Histoire des dogmes de l’Église chrétienne

1.3.2 – Angélologie et démonologie

C’est ici le lieu de parler d’une doctrine qui tient une grande place dans la théologie des premiers siècles, et qui se rattache à la fois à celle de la création et à celle de la providence, car les anges et les démons sont des créatures de Dieu, et ils jouent un rôle important dans le gouvernement et l’histoire du monde.

La croyance à des êtres intermédiaires — bons et mauvais — entre Dieu et l’homme est commune à presque tous les peuples. Elle se retrouve chez les païens comme chez les juifs, dans l’Inde, en Perse (amschaspands) et de le polythéisme gréco-romain, qui avait ses dieux inférieurs et ses demi-dieux. Chez les juifs, la doctrine des anges, qui se trouve déjà exprimée dans l’Ancien Testament, s’était fort développée après le retour de l’exil. Jésus et les apôtres l’avaient confirmée par l’autorité de leur parole. Il est difficile de croire qu’en parlant des anges ils n’aient fait que s’accommoder aux croyances populaires ; en tous cas, les chrétiens virent dans leurs paroles la confirmation de cette doctrine et lui attribuèrent un grand rôle dans la conception qu’ils se firent de l’univers.

I. Bons Anges

Tous les Pères sont unanimes à admettre que Dieu a formé pour son service et pour sa gloire une multitude d’esprits supérieurs à l’homme, qu’ils appellent anges (ἄγγελοι, envoyés, serviteurs). Mais sur ce sujet, il n’y a rien encore aux premiers siècles de déterminé d’une façon officielle, et les docteurs ecclésiastiques sont, en général, sobres d’affirmations. On relevait spécialement quelques traits sur le compte des anges : on enseignait qu’ils étaient des êtres créés, personnels et spirituels.

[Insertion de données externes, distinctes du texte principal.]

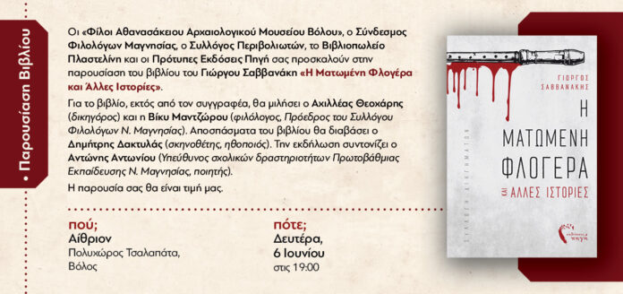 Το νέο βιβλίου του Γιώργου Σαββανάκη με τίτλο «Η Ματωμένη Φλογέρα και Άλλες Ιστορίες» παρουσιάζεται σήμερα στις 7.00 το απόγευμα στο «Αίθριον», στον πολυχώρο Τσαλαπάτα. Την εκδήλωση διοργανώνουν και μας προσκαλούν οι «Φίλοι Αθανασάκειου Αρχαιολογικού Μουσείου Βόλου», ο Σύνδεσμος Φιλολόγων Μαγνησίας, ο Σύλλογος Περιβολιωτών, το βιβλιοπωλείο Πλαστελίνη και οι Πρότυπες Εκδόσεις Πηγή.

1. On insistait sur le fait que les anges avaient été créés de Dieu, c’est-a-dire tirés du néant, comme tout ce qui existe, par un acte souverain de la volonté de Dieu, et l’on opposait cette affirmation à la théorie agnostique de l’émanation des éons. Cependant, quelques docteurs soutinrent, à propos de l’origine des anges, une doctrine analogue à celle de l’émanation. Lactance, par exemple, qui parle aussi d’une émanation du Logos, dit que les anges sont sortis de Dieu par un phénomène analogue ; il reconnaît cependant cette différence entre « le Fils de Dieu et les autres anges, c’est que ceux-ci ne sont que des expirations silencieuses — taciti spiritus qui non, uti sermo, ore, sed naribus proferuntur, — au lieu que le Verbe a été prononcé à haute voix — cum voce ac sono ex Dei ore processit » (Inst. div., IV, 8).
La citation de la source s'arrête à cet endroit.